Leave every picture out, then reproduce the rest of the listing exactly.

> **SUPPLIED DATA**:
■ ■ ■

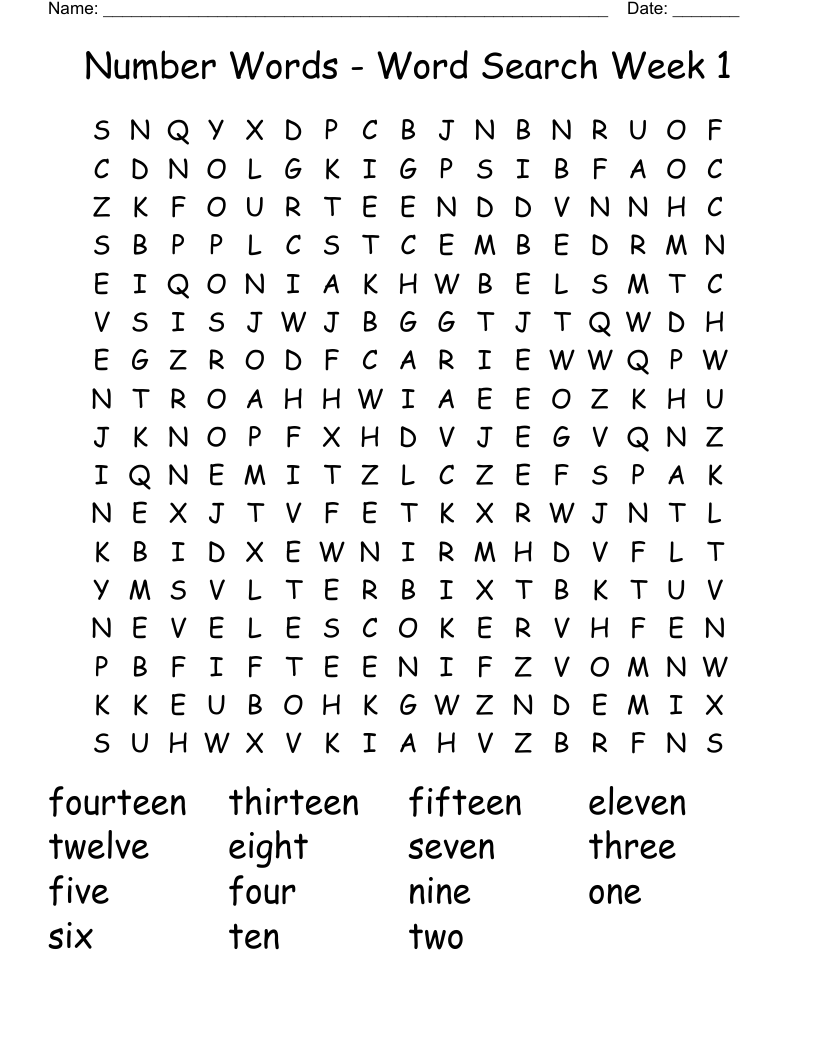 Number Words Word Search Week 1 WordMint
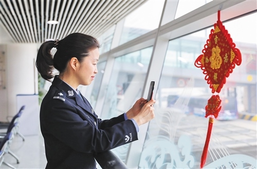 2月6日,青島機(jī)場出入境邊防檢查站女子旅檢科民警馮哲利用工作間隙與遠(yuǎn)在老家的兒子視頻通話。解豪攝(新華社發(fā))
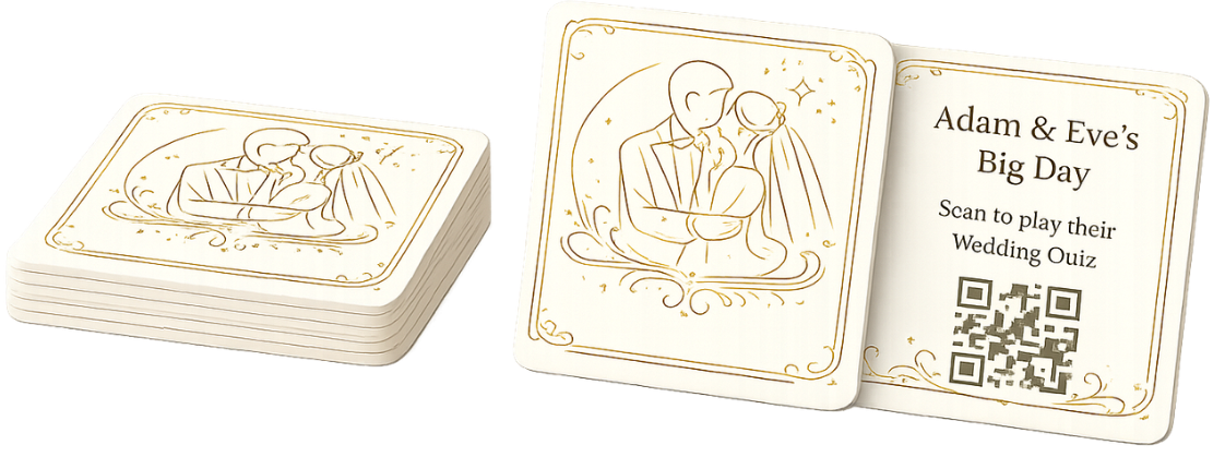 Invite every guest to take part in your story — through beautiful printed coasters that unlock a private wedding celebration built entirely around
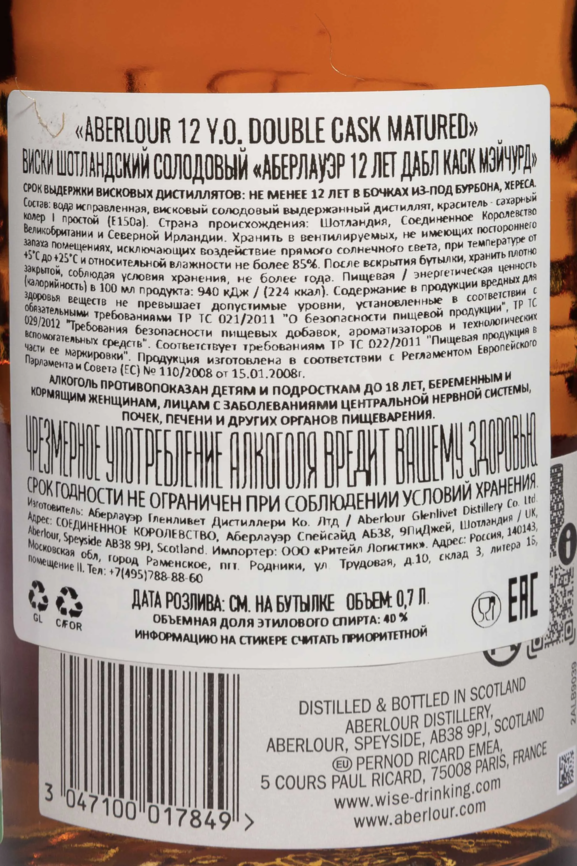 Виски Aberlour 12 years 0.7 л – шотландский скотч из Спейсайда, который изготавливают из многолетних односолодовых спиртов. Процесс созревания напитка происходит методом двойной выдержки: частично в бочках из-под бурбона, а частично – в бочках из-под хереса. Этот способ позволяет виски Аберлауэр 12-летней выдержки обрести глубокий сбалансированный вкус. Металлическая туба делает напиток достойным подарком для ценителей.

■ ■ ■

> **WRITTEN RESPONSE**:
 Number Words Word Search Week 1 WordMint
 2月6日,青島機(jī)場出入境邊防檢查站女子旅檢科民警馮哲利用工作間隙與遠(yuǎn)在老家的兒子視頻通話。解豪攝(新華社發(fā))
 Invite every guest to take part in your story — through beautiful printed coasters that unlock a private wedding celebration built entirely around
 Виски Aberlour 12 years 0.7 л – шотландский скотч из Спейсайда, который изготавливают из многолетних односолодовых спиртов. Процесс созревания напитка происходит методом двойной выдержки: частично в бочках из-под бурбона, а частично – в бочках из-под хереса. Этот способ позволяет виски Аберлауэр 12-летней выдержки обрести глубокий сбалансированный вкус. Металлическая туба делает напиток достойным подарком для ценителей.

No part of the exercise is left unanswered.